**What to produce**
Give back the full listing verbatim, apart from its images.

**Information shown**

***

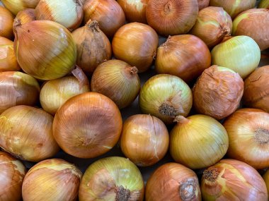 Tahta masada taze kırmızı soğan, üst görünüm, organik gıda kahverengi dilimler, hasır sepetin dışındaki sade ham kesim tahtası Ampul Gıda yerel çiftçi marketini içeriyor
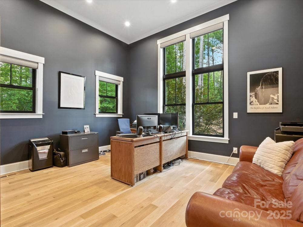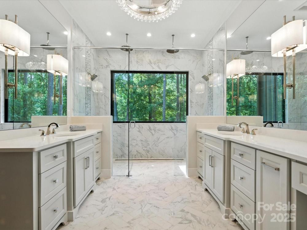 Experience a rare blend of craftsmanship, technology & natural beauty in this custom home offering over 4300 sqft fin space w/nearly 2700 sqft in the walkout daylight basement for future expansion. Unique and rare features include a hidden vault of approx 200 sq/ft that is secured by a 2300 lb armored door, integrated security, and is climate controlled. From the solid mahogany double doors with 6 panel glass, stunning entry chandelier with remote lift, gorgeous 5 inch solid white-oak hardwood floors & open staircase built onsite, every detail impresses. Stunning kitchen showcases Monogram appliances, quartz, mercury glass backsplash, beverage fridge, customized cabinets & scullery w/2nd dishwasher. Great room boasts coffered ceiling, invisible audio (hidden speakers for surround sound),6' linear gas fireplace & stacking sliders with minimal threshold that open to the screened porch, extending the flow for entertaining seamlessly between rooms. Main level primary features cathedral ceiling with accent lighting, a spa-like bath with heated tile floors, 8ft shower w/4 shower heads and 7'x 5' glass view of outdoors for ambiance plus a custom closet that walks through to the laundry room, how convenient! The main level continues with not one but two dedicated office spaces (main office w/13' ceiling). Upstairs there are three bedrooms with one ensuite and others share Jack n Jill. There is also a large attic storage set up for future second laundry room. The walkout daylight basement can be finished as second living quarters for multi generational living or huge entertainment space with pool table and media room. It is pre-plumbed for bathroom, has separate entrance and you could easily add a kitchen with minimal work. In addition, the basement has a separate workshop area (another approx 1000 sqft) with 4th bay garage door that could be used for studio, cars, gym, woodworking, etc. Smart home automation throughout makes it easy to control lighting, window shades, the whole-house generator, security, irrigation and cameras. Automation has both remotes/switches and integrates w/Google Home or Homekit app for control anywhere on the planet! Oversized garages & almost an acre wooded lot w/protected nature space complete this estate. Neighborhood amenities include pool, clubhouse, pickleball, trails & Catawba River access, all just 30 min to Ballantyne. Low Lancaster county taxes. Less than 15 min from the newly opened Costco and Target plus Homegoods, restaurants & more!
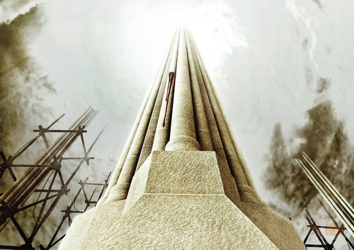 Foto promocional de 'Los Pilares de la Tierra' en la que se observa una columna sangrante.
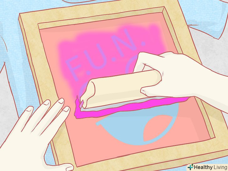 Розподіліть чорнило ракелем. нанесіть чорнило тонким шаром на малюнок. Рівномірно натискаючи на ракель, розподіліть їх по всьому шаблону.- Чим більше тиск, тим темніше вийде малюнок. [10]

***

**Reply**
 Tahta masada taze kırmızı soğan, üst görünüm, organik gıda kahverengi dilimler, hasır sepetin dışındaki sade ham kesim tahtası Ampul Gıda yerel çiftçi marketini içeriyor
 Experience a rare blend of craftsmanship, technology & natural beauty in this custom home offering over 4300 sqft fin space w/nearly 2700 sqft in the walkout daylight basement for future expansion. Unique and rare features include a hidden vault of approx 200 sq/ft that is secured by a 2300 lb armored door, integrated security, and is climate controlled. From the solid mahogany double doors with 6 panel glass, stunning entry chandelier with remote lift, gorgeous 5 inch solid white-oak hardwood floors & open staircase built onsite, every detail impresses. Stunning kitchen showcases Monogram appliances, quartz, mercury glass backsplash, beverage fridge, customized cabinets & scullery w/2nd dishwasher. Great room boasts coffered ceiling, invisible audio (hidden speakers for surround sound),6' linear gas fireplace & stacking sliders with minimal threshold that open to the screened porch, extending the flow for entertaining seamlessly between rooms. Main level primary features cathedral ceiling with accent lighting, a spa-like bath with heated tile floors, 8ft shower w/4 shower heads and 7'x 5' glass view of outdoors for ambiance plus a custom closet that walks through to the laundry room, how convenient! The main level continues with not one but two dedicated office spaces (main office w/13' ceiling). Upstairs there are three bedrooms with one ensuite and others share Jack n Jill. There is also a large attic storage set up for future second laundry room. The walkout daylight basement can be finished as second living quarters for multi generational living or huge entertainment space with pool table and media room. It is pre-plumbed for bathroom, has separate entrance and you could easily add a kitchen with minimal work. In addition, the basement has a separate workshop area (another approx 1000 sqft) with 4th bay garage door that could be used for studio, cars, gym, woodworking, etc. Smart home automation throughout makes it easy to control lighting, window shades, the whole-house generator, security, irrigation and cameras. Automation has both remotes/switches and integrates w/Google Home or Homekit app for control anywhere on the planet! Oversized garages & almost an acre wooded lot w/protected nature space complete this estate. Neighborhood amenities include pool, clubhouse, pickleball, trails & Catawba River access, all just 30 min to Ballantyne. Low Lancaster county taxes. Less than 15 min from the newly opened Costco and Target plus Homegoods, restaurants & more!
 Foto promocional de 'Los Pilares de la Tierra' en la que se observa una columna sangrante.
 Розподіліть чорнило ракелем. нанесіть чорнило тонким шаром на малюнок. Рівномірно натискаючи на ракель, розподіліть їх по всьому шаблону.- Чим більше тиск, тим темніше вийде малюнок. [10]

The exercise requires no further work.